Directions:
Your answer must be the exact lines below, starting with the line with "活动期间订车可参与砸金蛋!登机箱,挂烫机,春秋被等豪礼免费抽!百分之百中奖!" and going on through the line with "8月23日上午,在新學(xu", both included, with no pictures.

Data excerpts:

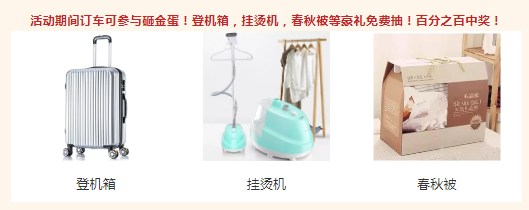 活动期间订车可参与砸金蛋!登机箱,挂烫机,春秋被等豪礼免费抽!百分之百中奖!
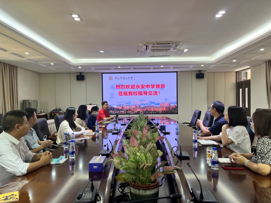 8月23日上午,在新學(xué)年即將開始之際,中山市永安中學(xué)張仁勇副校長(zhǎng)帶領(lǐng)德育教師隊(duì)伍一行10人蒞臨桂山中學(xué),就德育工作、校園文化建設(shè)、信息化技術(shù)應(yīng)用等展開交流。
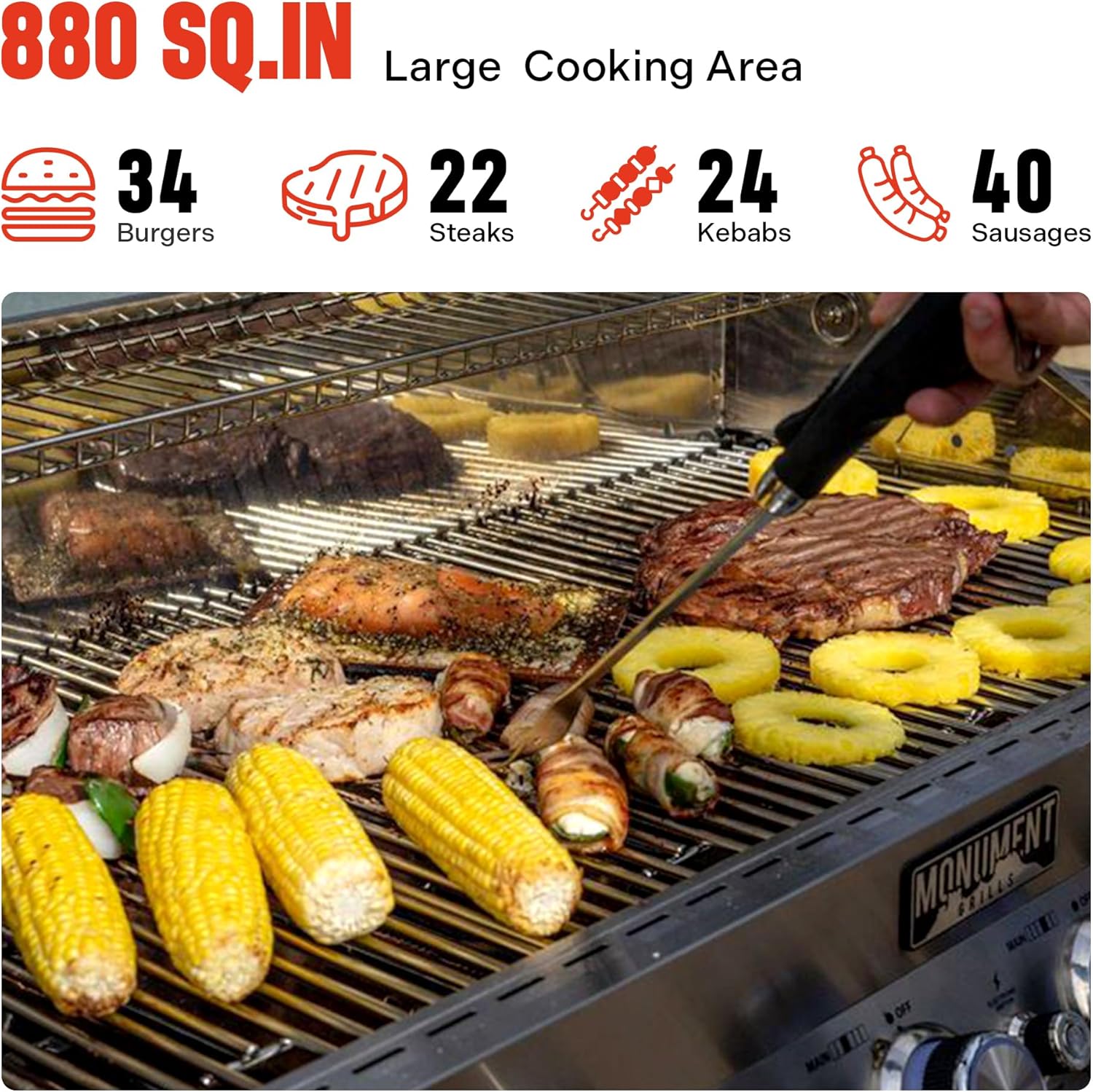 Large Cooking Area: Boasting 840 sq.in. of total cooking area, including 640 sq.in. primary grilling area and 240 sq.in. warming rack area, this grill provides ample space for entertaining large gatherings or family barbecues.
---
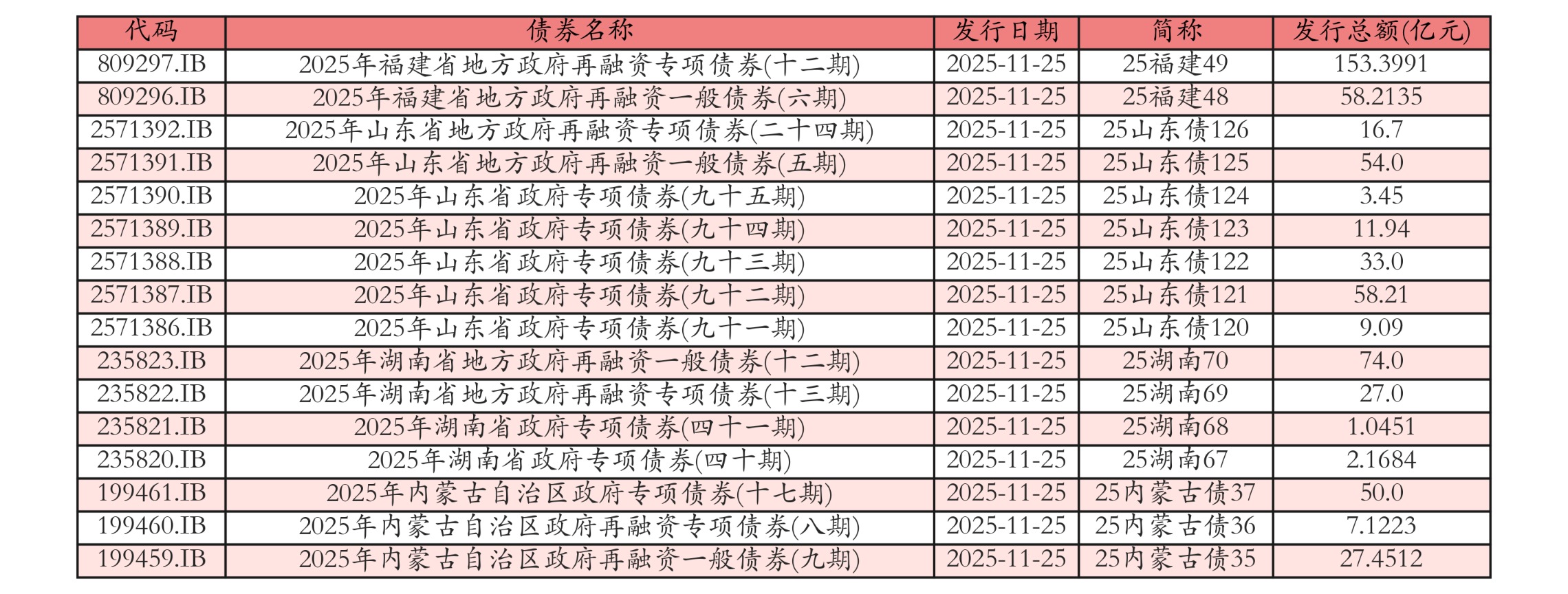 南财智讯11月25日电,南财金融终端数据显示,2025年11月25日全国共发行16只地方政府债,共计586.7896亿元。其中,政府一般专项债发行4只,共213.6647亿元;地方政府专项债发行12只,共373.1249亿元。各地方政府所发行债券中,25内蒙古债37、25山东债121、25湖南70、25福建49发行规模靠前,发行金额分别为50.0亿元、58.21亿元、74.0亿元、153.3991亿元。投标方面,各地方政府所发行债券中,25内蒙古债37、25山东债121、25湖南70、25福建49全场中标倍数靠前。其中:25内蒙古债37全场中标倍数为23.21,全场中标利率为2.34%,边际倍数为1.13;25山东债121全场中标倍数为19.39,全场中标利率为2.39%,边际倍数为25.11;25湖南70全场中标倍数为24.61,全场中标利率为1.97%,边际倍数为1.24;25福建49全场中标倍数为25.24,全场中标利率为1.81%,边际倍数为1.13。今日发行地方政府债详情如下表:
...
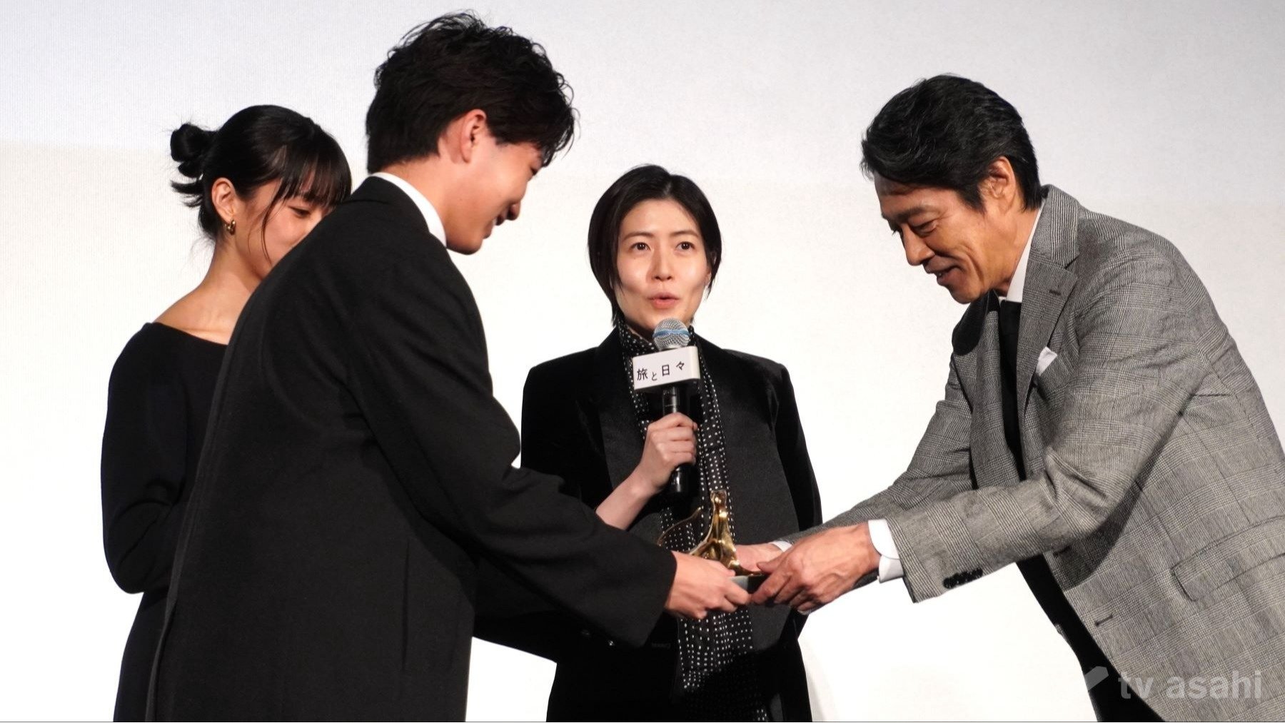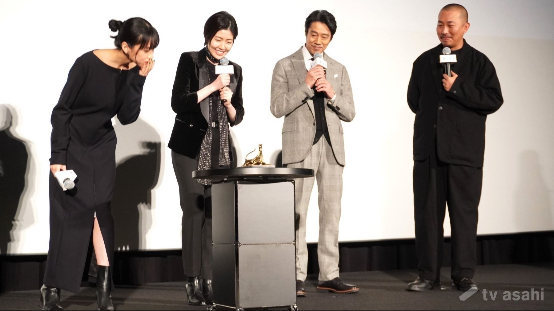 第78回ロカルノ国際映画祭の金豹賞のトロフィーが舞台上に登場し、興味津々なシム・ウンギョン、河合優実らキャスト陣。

Response for this exercise:
 活动期间订车可参与砸金蛋!登机箱,挂烫机,春秋被等豪礼免费抽!百分之百中奖!
 8月23日上午,在新學(xué)年即將開始之際,中山市永安中學(xué)張仁勇副校長(zhǎng)帶領(lǐng)德育教師隊(duì)伍一行10人蒞臨桂山中學(xué),就德育工作、校園文化建設(shè)、信息化技術(shù)應(yīng)用等展開交流。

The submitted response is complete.